Boy Meets Dog! is an American animated musical commercial short made in 1938 for Ipana Toothpaste. It was produced by Walter Lantz as a Technicolor cartoon for theatrical release by Universal Pictures. However, it did not see theatrical release, but  Castle Films purchased it, and released it to the home movie market.

Plot
A boy named Bobby, gets a lesson in school about how to properly massage his gums to take care of his teeth. After class is dismissed, Bobby is offered by one of his friends in to an ice cream shop to have a sundae and go fishing. Bobby turns it down because his extremely strict, cold-hearted, and mean father (Billy Bletcher) wouldn't let him.
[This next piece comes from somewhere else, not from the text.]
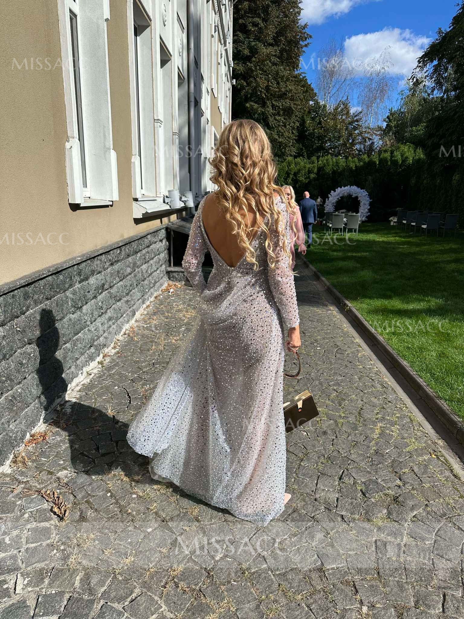 I wore this dress for my wedding and let me tell you, it was a total hit! The v-neck was flattering and the sequins added just the right amount of sparkle. The long sleeves were perfect for the evening chill and the sweeping train made me feel like royalty. I'm so glad I found this gem!

On the way home, Bobby finds a beagle named Joseph and takes him home. They sneak into the house where Bobby cleans him up in order to convince his father to keep him. However, Bobby's father, who wakes up just in time to hear Joseph's barking coming from the upstairs bathroom, angrily scares Joseph away and Joseph hides in the house. He then cruelly and unfairly sends Bobby to his room without supper for disobeying him. Muttering about his son, he steps on a rollerskate and falls down the stairs. He brutally walks back upstairs to Bobby's room to punish him, but Bobby is not there and he begins looking for him. The gnomes and elves on the wallpaper in Bobby's room come alive and knock Bobby's father unconscious and take him into the forest scene in the wallpaper.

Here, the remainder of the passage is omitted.